RECORDED DATA:
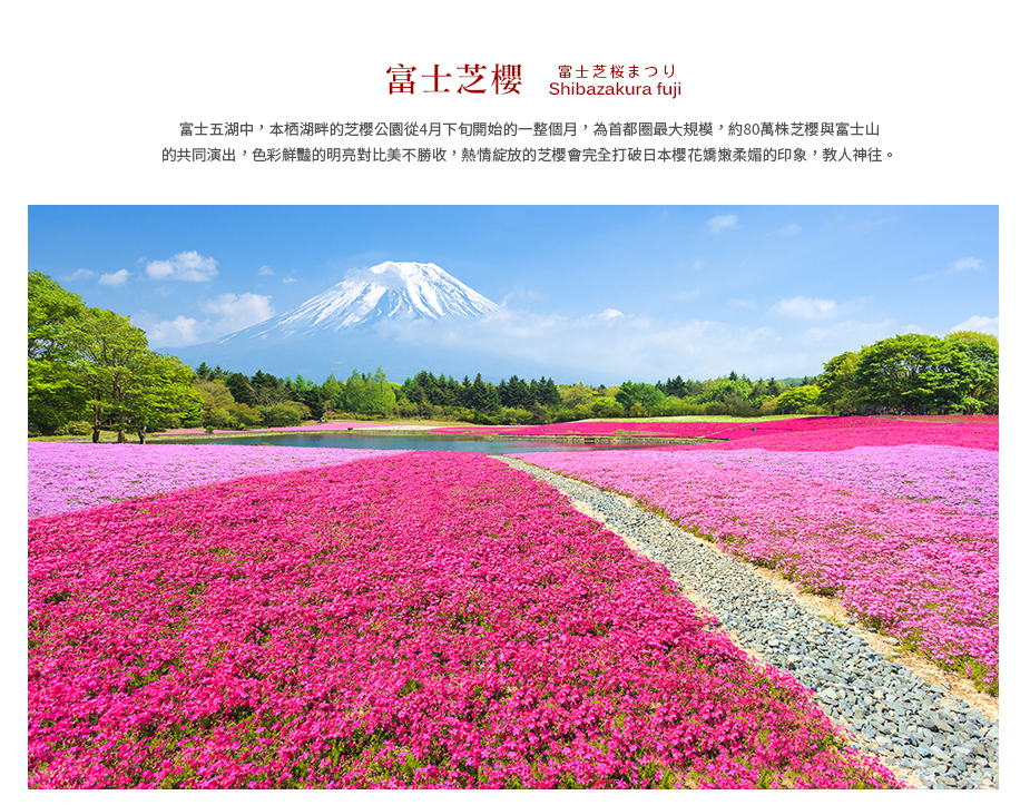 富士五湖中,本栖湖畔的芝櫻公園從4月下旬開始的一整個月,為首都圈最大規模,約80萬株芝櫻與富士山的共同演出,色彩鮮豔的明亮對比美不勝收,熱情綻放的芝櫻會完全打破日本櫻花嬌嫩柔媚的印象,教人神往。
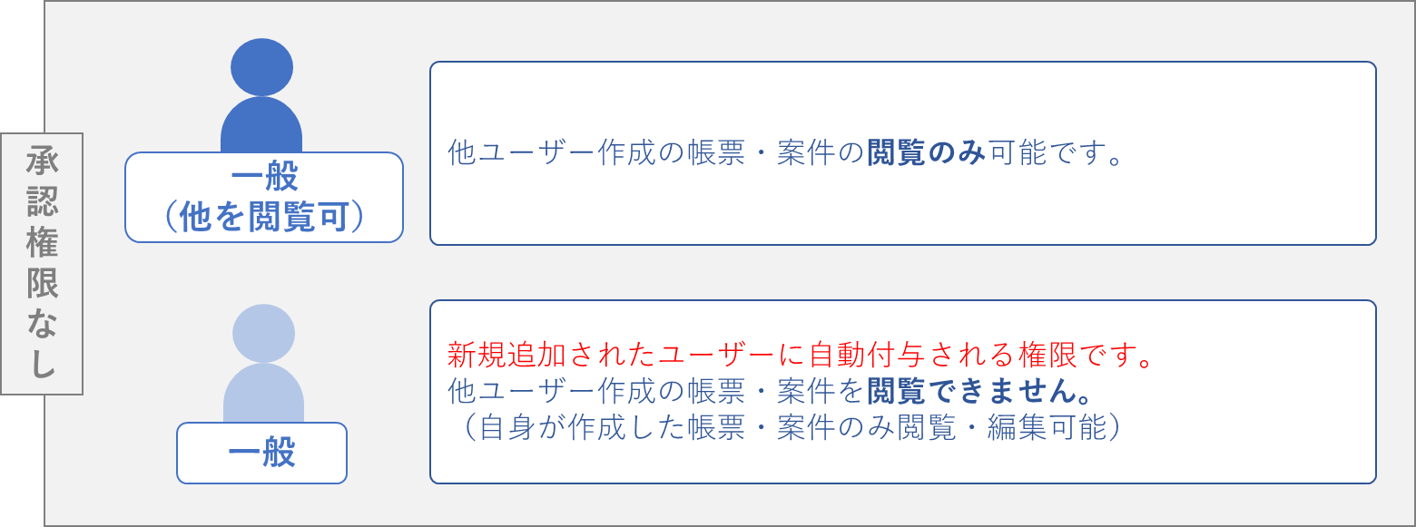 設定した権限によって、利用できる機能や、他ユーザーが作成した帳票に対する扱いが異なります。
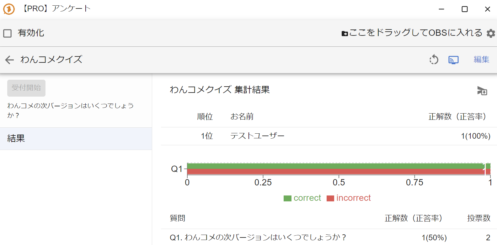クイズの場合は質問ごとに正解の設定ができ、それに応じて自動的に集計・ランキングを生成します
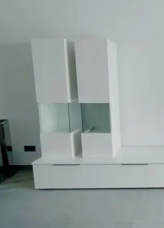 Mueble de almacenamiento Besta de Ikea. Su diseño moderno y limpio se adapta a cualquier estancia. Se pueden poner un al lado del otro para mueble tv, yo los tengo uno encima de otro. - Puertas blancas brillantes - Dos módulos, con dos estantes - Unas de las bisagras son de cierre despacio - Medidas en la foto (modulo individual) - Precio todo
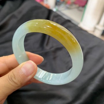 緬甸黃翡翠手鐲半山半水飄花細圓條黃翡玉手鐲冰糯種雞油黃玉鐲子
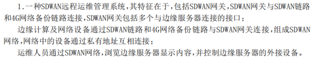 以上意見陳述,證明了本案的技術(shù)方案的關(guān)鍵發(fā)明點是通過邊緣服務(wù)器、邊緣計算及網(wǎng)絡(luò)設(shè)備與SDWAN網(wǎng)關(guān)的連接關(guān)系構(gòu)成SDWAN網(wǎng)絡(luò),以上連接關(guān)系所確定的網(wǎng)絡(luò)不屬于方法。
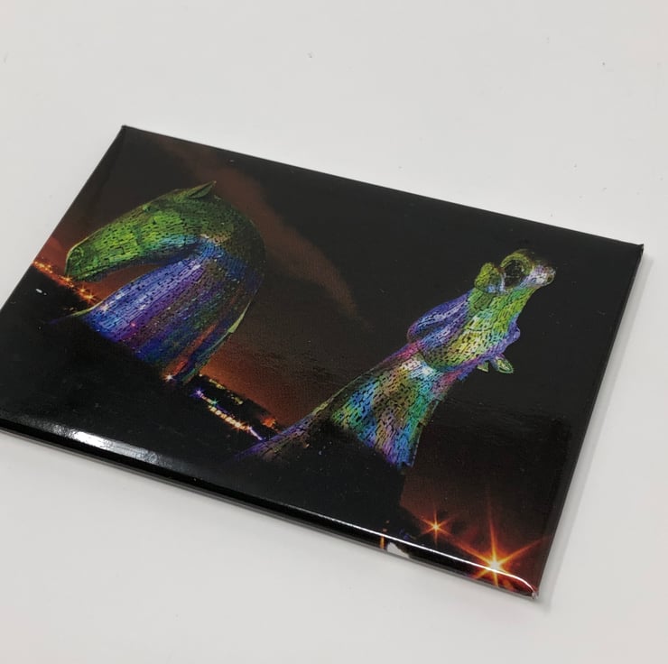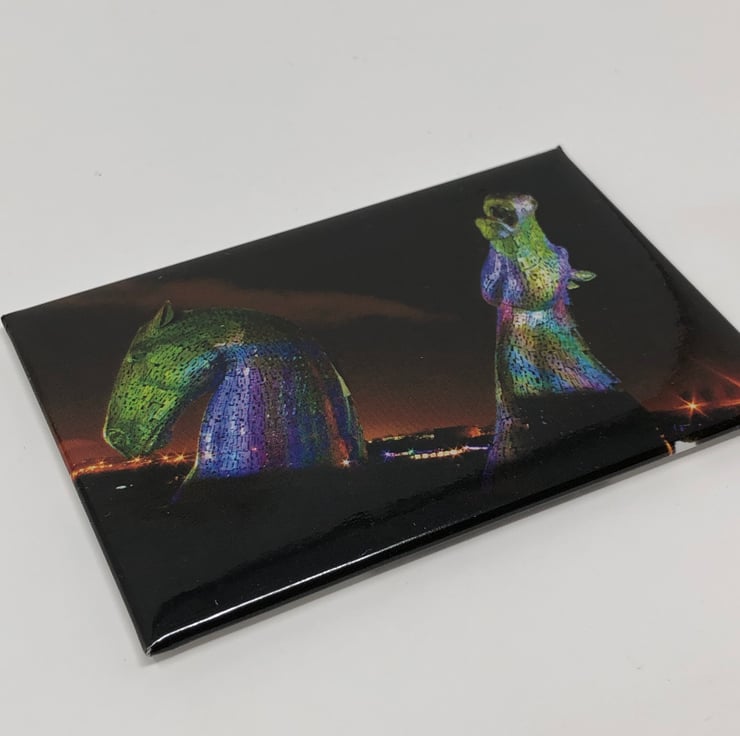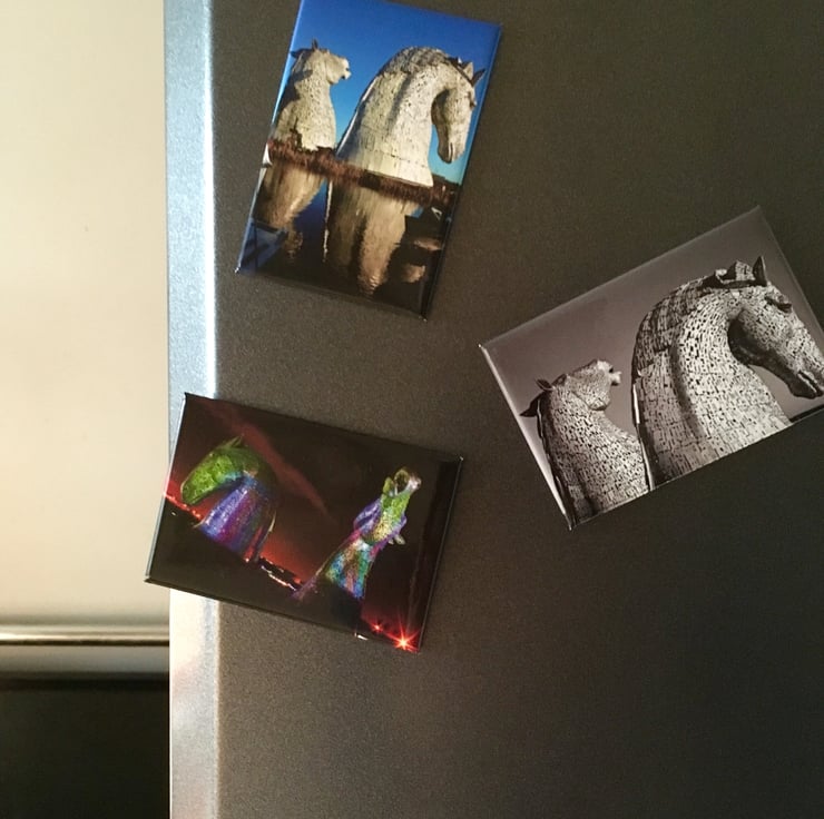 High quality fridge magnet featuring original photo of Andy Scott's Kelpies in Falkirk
---
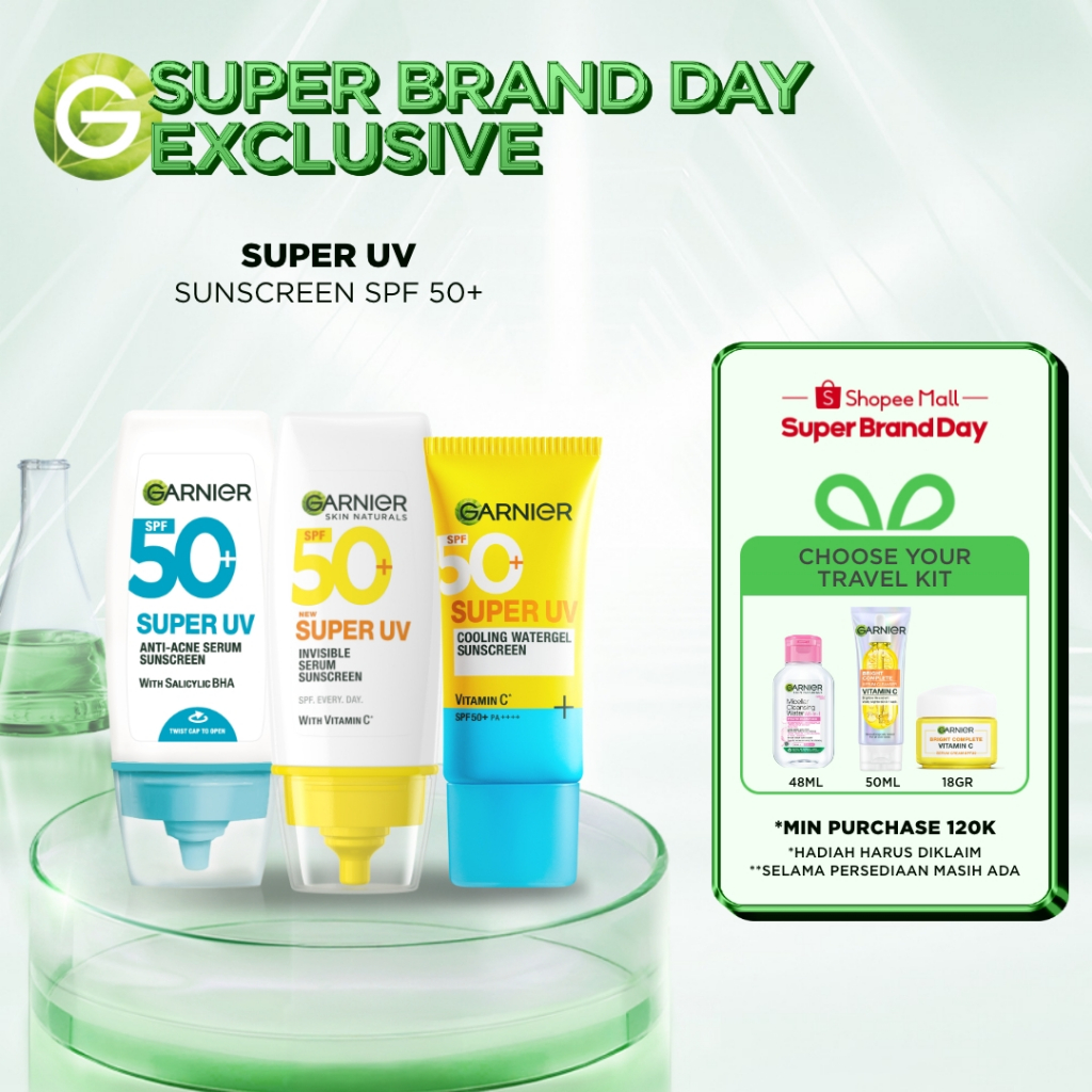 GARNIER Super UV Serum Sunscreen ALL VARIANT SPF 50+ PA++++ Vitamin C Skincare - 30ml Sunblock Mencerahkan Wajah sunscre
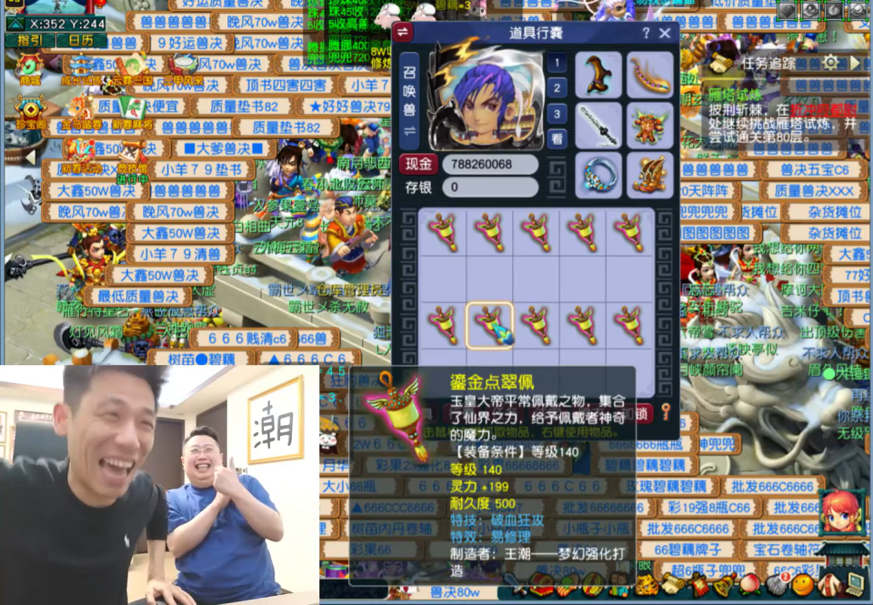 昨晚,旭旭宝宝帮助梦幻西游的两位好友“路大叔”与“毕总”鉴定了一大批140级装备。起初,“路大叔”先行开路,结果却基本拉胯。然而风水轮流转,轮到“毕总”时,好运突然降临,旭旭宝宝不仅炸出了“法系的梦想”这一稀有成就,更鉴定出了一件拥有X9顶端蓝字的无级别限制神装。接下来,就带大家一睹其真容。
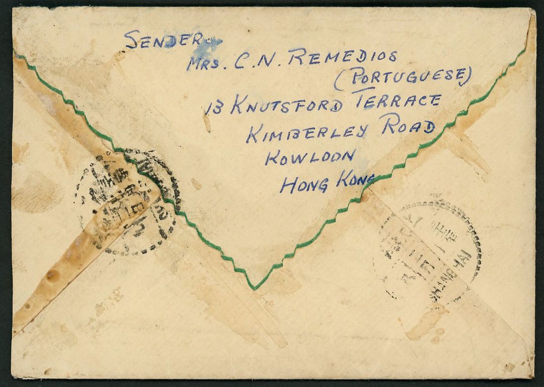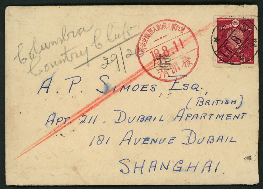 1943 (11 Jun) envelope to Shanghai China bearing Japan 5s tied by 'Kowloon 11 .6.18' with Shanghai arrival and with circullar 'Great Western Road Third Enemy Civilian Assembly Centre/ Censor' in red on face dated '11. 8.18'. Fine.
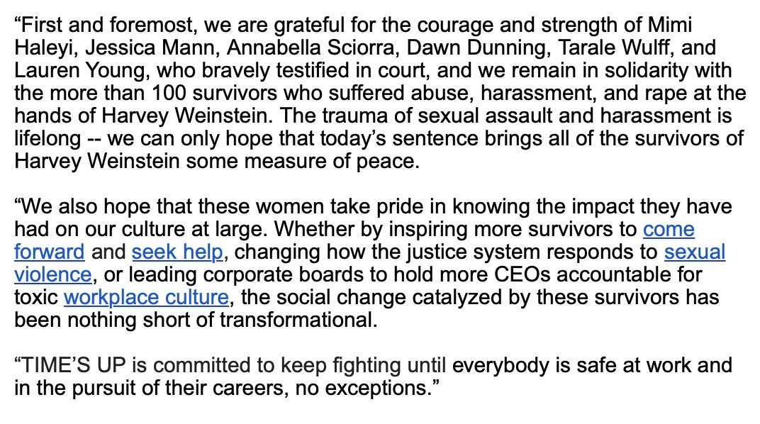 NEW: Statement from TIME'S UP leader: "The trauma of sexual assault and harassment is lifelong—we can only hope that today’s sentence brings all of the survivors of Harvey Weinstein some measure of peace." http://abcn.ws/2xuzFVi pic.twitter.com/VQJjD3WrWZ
* * *
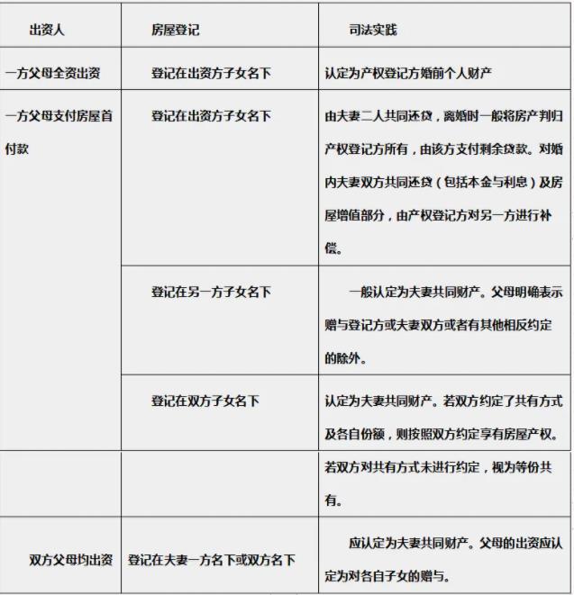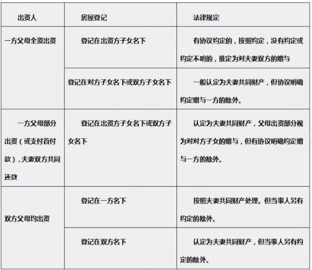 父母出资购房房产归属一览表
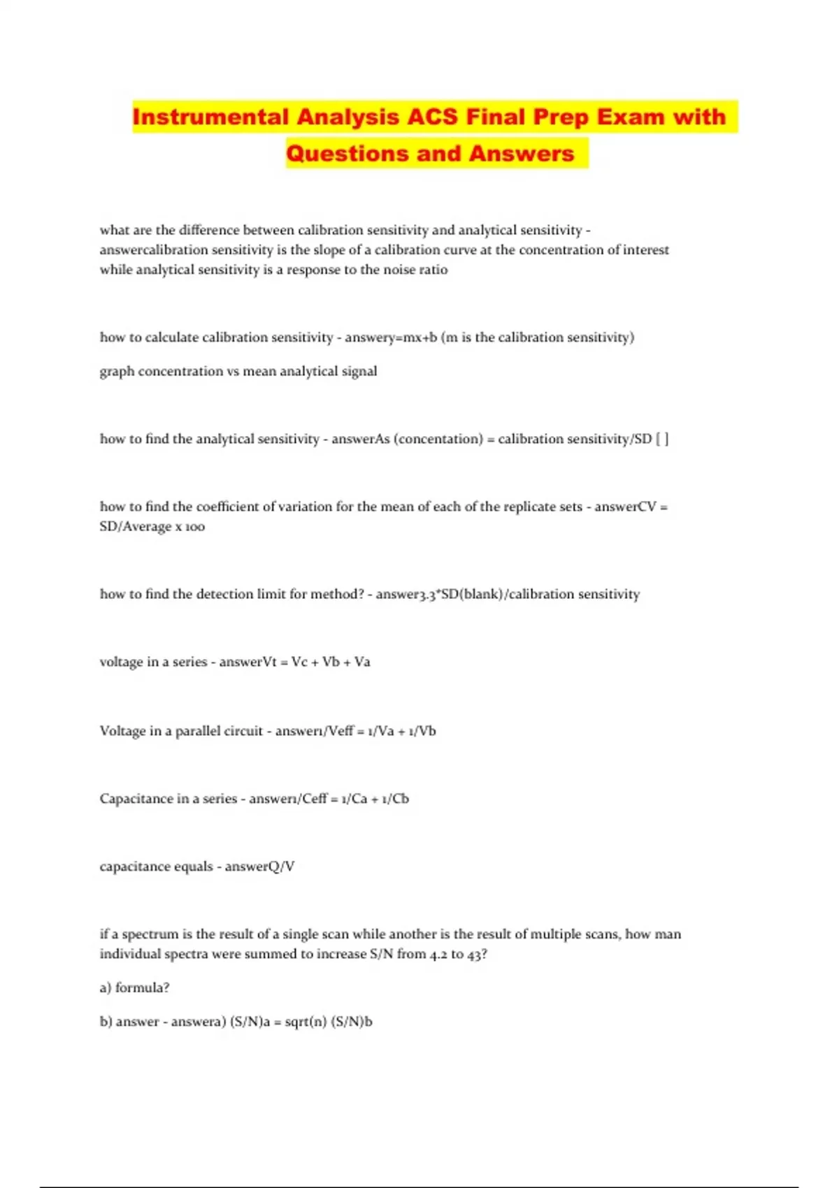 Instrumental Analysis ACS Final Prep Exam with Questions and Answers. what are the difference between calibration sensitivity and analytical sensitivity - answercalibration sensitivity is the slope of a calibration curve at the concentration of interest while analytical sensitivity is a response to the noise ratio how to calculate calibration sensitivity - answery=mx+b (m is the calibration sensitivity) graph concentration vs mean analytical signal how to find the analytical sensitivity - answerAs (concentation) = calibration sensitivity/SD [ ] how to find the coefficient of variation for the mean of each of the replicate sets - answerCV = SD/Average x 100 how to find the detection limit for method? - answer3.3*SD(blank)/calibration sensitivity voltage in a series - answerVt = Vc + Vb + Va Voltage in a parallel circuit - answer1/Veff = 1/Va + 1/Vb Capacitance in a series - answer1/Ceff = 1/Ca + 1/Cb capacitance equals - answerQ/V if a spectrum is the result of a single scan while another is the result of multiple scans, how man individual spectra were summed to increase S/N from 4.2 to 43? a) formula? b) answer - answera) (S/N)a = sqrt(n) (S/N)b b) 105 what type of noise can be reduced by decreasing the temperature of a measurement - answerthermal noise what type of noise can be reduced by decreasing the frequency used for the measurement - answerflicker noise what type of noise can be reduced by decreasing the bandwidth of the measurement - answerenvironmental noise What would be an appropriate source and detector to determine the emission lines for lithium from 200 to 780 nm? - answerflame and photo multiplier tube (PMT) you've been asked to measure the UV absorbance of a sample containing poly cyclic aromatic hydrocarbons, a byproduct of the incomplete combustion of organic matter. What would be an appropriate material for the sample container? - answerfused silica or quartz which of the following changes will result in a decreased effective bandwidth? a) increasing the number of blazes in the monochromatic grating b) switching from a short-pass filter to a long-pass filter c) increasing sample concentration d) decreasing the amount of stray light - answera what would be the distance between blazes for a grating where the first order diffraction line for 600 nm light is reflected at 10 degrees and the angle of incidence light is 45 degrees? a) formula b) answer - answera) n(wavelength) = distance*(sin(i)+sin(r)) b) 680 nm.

TO DO: From the material above, reproduce only what runs from the line holding "富士五湖中,本栖湖畔的芝櫻公" down to the line holding "High quality fridge", both included, pictures excluded.

SOLUTION TO THIS TASK:
 富士五湖中,本栖湖畔的芝櫻公園從4月下旬開始的一整個月,為首都圈最大規模,約80萬株芝櫻與富士山的共同演出,色彩鮮豔的明亮對比美不勝收,熱情綻放的芝櫻會完全打破日本櫻花嬌嫩柔媚的印象,教人神往。
 設定した権限によって、利用できる機能や、他ユーザーが作成した帳票に対する扱いが異なります。
クイズの場合は質問ごとに正解の設定ができ、それに応じて自動的に集計・ランキングを生成します
 Mueble de almacenamiento Besta de Ikea. Su diseño moderno y limpio se adapta a cualquier estancia. Se pueden poner un al lado del otro para mueble tv, yo los tengo uno encima de otro. - Puertas blancas brillantes - Dos módulos, con dos estantes - Unas de las bisagras son de cierre despacio - Medidas en la foto (modulo individual) - Precio todo
 緬甸黃翡翠手鐲半山半水飄花細圓條黃翡玉手鐲冰糯種雞油黃玉鐲子
 以上意見陳述,證明了本案的技術(shù)方案的關(guān)鍵發(fā)明點是通過邊緣服務(wù)器、邊緣計算及網(wǎng)絡(luò)設(shè)備與SDWAN網(wǎng)關(guān)的連接關(guān)系構(gòu)成SDWAN網(wǎng)絡(luò),以上連接關(guān)系所確定的網(wǎng)絡(luò)不屬于方法。
 High quality fridge magnet featuring original photo of Andy Scott's Kelpies in Falkirk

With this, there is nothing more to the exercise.